Friday, January 31, 2003

Lots going on today. Drama. Ugh.

On the happier side:
1. DSL comes next week: Hurrah!
2. I am meeting up with Lynnie tonight: HURRAH! This is our first and only meeting in January, which is just not acceptable!
3. We have a knitting lunch going on tomorrow: fun and needed!

On the worried side:
It is time for Feb: UGH. This is always a lousy month. I too frequently resume smoking in Feb., probably in response to the depressions, stressors, cataclysmal events that seem to always occur during these 28 days. UGH!!!!!!

Fun!
Librarian
You are smart and sexy!


Which Ultimate Beautiful Woman are You?
brought to you by Quizilla

Try it, see what you think.

Wednesday, January 29, 2003

Ain't That Something, Govenor!
Maryland's New Govenor Does Something Right! This is something that historically has been ignored, and is desparately needed in Baltimore City! Thank you, Bob!

Monday, January 27, 2003

It's A Small World After All

Margaret Mead has famously said, "Never doubt that a small group of thoughtful, concerned citizens can change the world. Indeed, it is the only thing that ever had."
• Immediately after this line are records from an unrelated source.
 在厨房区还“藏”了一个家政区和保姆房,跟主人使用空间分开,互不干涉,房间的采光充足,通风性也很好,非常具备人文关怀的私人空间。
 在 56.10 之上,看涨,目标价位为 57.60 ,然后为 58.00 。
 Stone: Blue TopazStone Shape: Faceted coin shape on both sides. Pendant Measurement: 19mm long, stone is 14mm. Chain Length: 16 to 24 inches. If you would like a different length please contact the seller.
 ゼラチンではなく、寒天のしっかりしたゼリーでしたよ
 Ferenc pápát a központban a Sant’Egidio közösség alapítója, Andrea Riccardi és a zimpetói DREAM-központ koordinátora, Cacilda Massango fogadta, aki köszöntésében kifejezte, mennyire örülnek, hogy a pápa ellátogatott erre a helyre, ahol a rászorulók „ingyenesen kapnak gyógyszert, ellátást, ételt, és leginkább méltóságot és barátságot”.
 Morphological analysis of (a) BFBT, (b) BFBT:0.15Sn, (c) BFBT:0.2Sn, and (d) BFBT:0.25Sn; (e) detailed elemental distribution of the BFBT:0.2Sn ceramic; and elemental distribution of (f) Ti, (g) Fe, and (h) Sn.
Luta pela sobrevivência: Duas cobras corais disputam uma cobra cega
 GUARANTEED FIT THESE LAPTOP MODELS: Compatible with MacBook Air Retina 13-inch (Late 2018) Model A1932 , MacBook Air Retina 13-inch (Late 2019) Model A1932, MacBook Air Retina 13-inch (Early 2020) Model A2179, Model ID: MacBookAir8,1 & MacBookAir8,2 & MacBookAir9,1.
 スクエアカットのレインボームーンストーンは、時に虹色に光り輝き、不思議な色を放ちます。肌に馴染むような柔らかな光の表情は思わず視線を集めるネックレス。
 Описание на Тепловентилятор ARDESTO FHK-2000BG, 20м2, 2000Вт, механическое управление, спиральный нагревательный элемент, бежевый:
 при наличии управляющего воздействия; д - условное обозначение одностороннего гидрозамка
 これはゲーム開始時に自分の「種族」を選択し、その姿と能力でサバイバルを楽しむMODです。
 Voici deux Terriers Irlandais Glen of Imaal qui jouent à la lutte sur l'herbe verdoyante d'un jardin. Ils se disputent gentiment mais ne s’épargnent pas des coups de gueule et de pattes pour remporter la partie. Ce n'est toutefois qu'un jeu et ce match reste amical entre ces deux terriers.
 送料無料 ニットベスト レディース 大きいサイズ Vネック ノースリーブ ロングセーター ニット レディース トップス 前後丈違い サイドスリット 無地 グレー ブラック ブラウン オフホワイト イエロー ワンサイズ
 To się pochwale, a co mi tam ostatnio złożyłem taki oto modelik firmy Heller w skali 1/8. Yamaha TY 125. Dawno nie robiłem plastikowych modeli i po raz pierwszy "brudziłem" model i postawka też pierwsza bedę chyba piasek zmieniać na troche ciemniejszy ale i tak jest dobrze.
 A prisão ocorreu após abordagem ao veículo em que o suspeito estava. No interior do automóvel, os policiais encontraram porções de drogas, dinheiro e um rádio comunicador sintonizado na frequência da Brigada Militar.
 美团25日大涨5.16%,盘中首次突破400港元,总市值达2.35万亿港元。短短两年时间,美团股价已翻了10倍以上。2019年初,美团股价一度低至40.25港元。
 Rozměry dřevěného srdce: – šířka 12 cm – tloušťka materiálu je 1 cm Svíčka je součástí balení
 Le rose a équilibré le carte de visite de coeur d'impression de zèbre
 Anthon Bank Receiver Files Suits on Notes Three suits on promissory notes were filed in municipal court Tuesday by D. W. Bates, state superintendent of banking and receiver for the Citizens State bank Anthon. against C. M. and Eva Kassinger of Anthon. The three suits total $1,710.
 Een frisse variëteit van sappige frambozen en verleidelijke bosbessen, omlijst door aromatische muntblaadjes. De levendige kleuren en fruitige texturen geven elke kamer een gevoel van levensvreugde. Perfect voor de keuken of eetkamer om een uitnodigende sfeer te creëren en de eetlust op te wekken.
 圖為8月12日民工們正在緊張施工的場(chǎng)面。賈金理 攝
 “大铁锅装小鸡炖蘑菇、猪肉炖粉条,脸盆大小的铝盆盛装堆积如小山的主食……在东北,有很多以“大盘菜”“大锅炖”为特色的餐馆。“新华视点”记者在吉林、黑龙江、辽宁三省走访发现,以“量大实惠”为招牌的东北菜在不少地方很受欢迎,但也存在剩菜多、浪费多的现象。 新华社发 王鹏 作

If you doubt the truth of this statement, consider how often we see the Other Side of the coin:
Mikko Hypponen, manager of anti-virus research in F-Secure's Helsinki office, says, "We've never seen such a small worm spread so fast and cause so many problems That means this could be the beginning of something. Now they see that making it small and making it fast really pays off."



Saturday, January 25, 2003

Here's a neat trick: See everything as a gift, a test, a trial, a trauma, and a blessing. It's amazing how anything can become anything, depending on your point of view. I keep reminding myself of this during stressful Work School Moving Avalanche times.

Friday, January 24, 2003

Tick Tock...
Yes, the time is coming when I will be able to dedicate more time to the blog! First, the PC should be installed in my new home by tonight. Next, DSL is on the way. Soon, I will dive fully into an attempt to create a decent blog. Hurrah!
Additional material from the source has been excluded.